MATERIAL PROVIDED section start
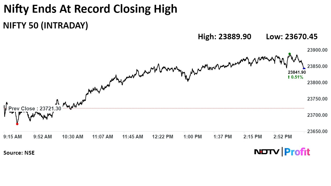 The Nifty closed higher by 0.62% or 147.50 points higher at 23,868.80 points after hitting an intraday high of 23,889.90 and the Sensex rose to its record high of 78,759.40 points intraday and closed 0.8% or 620.73 points higher at 78,674.25.
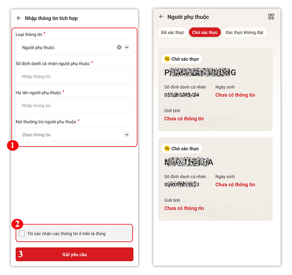 Bước 3: Nhập thông tin cá nhân của người phụ thuộc.
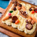 Zodra de plaatcake is afgekoeld leg je ‘m op een plank of schaal. Maak mooie toeven of banen met je spuitzak en daarna begint het leukste klusje! Roep de kinderen er maar bij, of misschien zijn ze er al druk mee bezig, en laat ze lekker hun gang gaan.
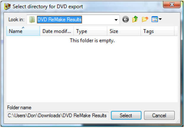 7. Si desea crear un tu propio menú de intro, luego ir al paso que sigue, "paso 5: (paso opcional) construir un menú de inicio personalizado para DVD". Si desea utilizar el menú por defecto, entonces puede crear los nuevos archivos de DVD seleccionando "Archivo", "Exportar DVD..." y confirmar la ruta de acceso a la carpeta dentro de "DVD ReMake resultados" llamadas "VIDEO_TS" y presione "Select." (séptima foto)
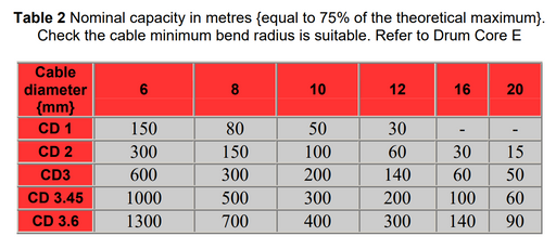 Cable drum, black powder coated Steel, suitable for long runs of multicore. Axle bearings Brake Removable handle The following chart shows the leng...
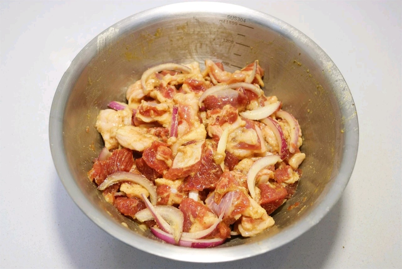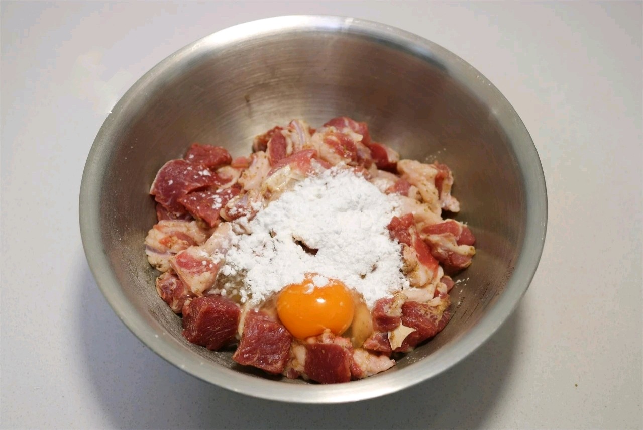 3、加盐、白胡椒粉、十三香、多一点的孜然粉,抓拌均匀。喜欢吃辣,可以放些辣椒粉。4、再打入一个鸡蛋,放点淀粉,再次抓匀。5、放点洋葱丝,抓匀腌制10~20分钟。羊肉腌好,放点白芝麻拌匀。
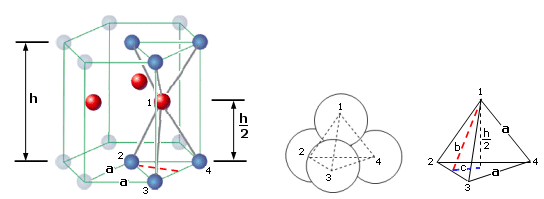 12 atomi sono disposti ai vertici di un prisma a base esagonale, 2 atomi al centro di ciascuna base e 3 atomi all'interno della cella, a metà altezza, a formare i vertici di un triangolo equilatero
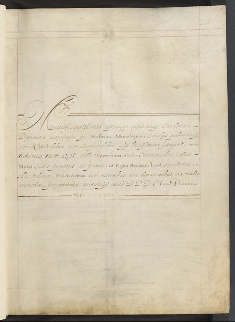 Munificentissimis optimisque cujuscunque Conditionis Dignitatis aut Sexûs, qui Museum Ashmoleanum Cimelijs quibuscunque, sive Naturalibus sive Artificialibus, usque Locupletare satagunt; Robertus Plott LL.D. Coll: Universitatis Socio-Commensalis; istius Musæi Custos primarius ac primus; et Regiæ Societatis Lond. Secretarius; Hoc Volumen, Benefactorum tum nominibus, tum donationibus inserendis accomodum, piæ, memoriæ, virtutisque causâ, D.D.D. Anno Domini MDCLXXXIII.
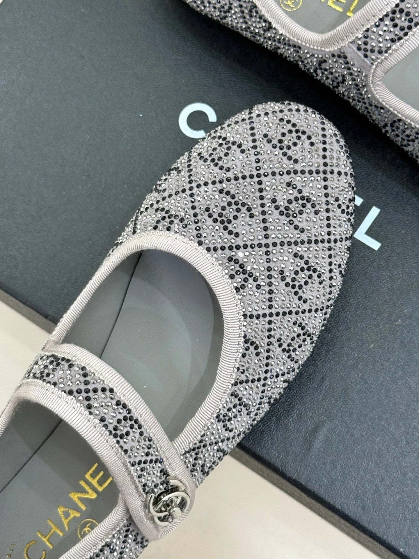 CC Flat Mary Jane 25ss In Grey Embellished With Rhinestones
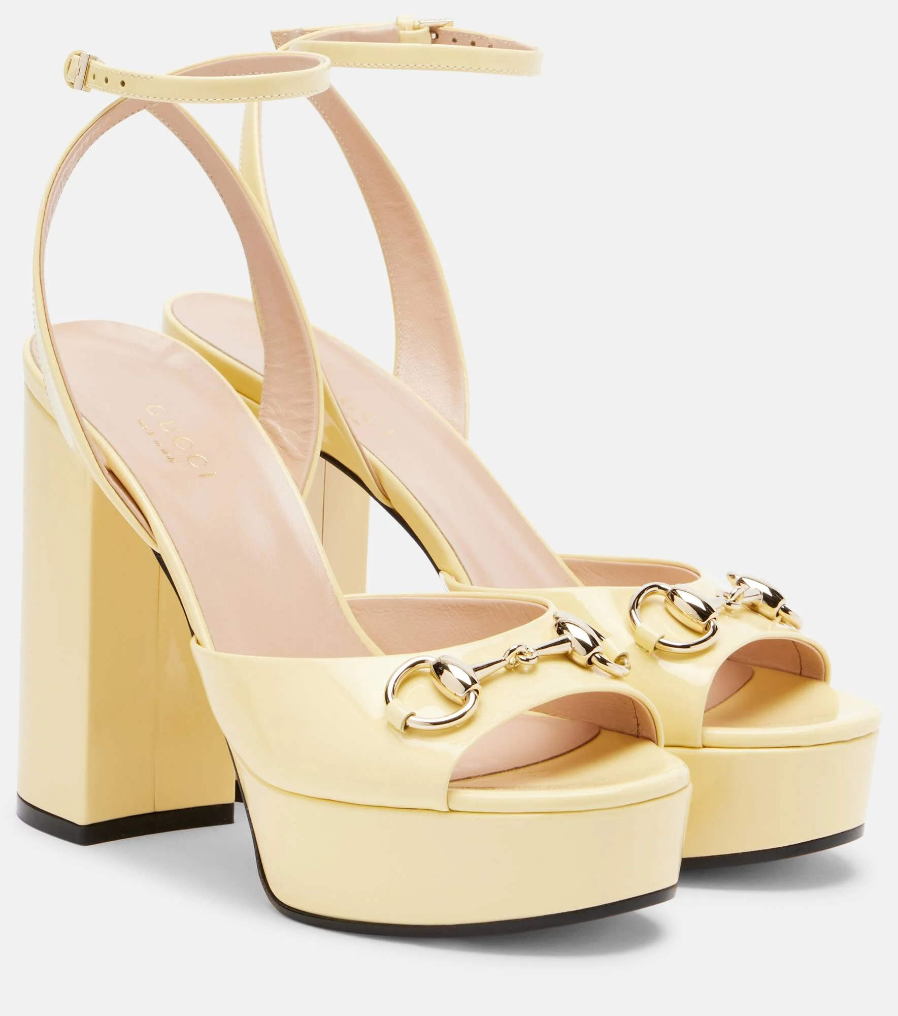 One of Gucci's most powerful emblems, the Horsebit points to the house's storied fascination with equestrian design codes. Made from patent leather, the Lady Horsebit platform sandals are aptly named after the signature hardware and finished with 85mm heels. Product Details - Upper: goat leather - Lining: leather - Sole: leather insole, leather and rubber sole - Color: yellow - Toe shape: round open toe - Made in Italy - Includes: shoe box, dust bag - Designer color name: Daylight Yellow - Hardware color: gold - Closure: buckle-fastening ankle strap - Item number: P01131174 Size & Fit - Fits slightly small to size - we recommend trying a half size larger - European sizes - 11,5cm-4.5" heel - 3cm-1" platform
MATERIAL PROVIDED section end
**WHAT IS BEING ASKED**. Output exactly, and only, the lines of the entries above from the one with "7. Si desea" up to and including the one with "12 atomi sono"; pictures are to be left out.

**SOLUTION TO THIS EXERCISE**.
 7. Si desea crear un tu propio menú de intro, luego ir al paso que sigue, "paso 5: (paso opcional) construir un menú de inicio personalizado para DVD". Si desea utilizar el menú por defecto, entonces puede crear los nuevos archivos de DVD seleccionando "Archivo", "Exportar DVD..." y confirmar la ruta de acceso a la carpeta dentro de "DVD ReMake resultados" llamadas "VIDEO_TS" y presione "Select." (séptima foto)
 Cable drum, black powder coated Steel, suitable for long runs of multicore. Axle bearings Brake Removable handle The following chart shows the leng...
 3、加盐、白胡椒粉、十三香、多一点的孜然粉,抓拌均匀。喜欢吃辣,可以放些辣椒粉。4、再打入一个鸡蛋,放点淀粉,再次抓匀。5、放点洋葱丝,抓匀腌制10~20分钟。羊肉腌好,放点白芝麻拌匀。
 12 atomi sono disposti ai vertici di un prisma a base esagonale, 2 atomi al centro di ciascuna base e 3 atomi all'interno della cella, a metà altezza, a formare i vertici di un triangolo equilatero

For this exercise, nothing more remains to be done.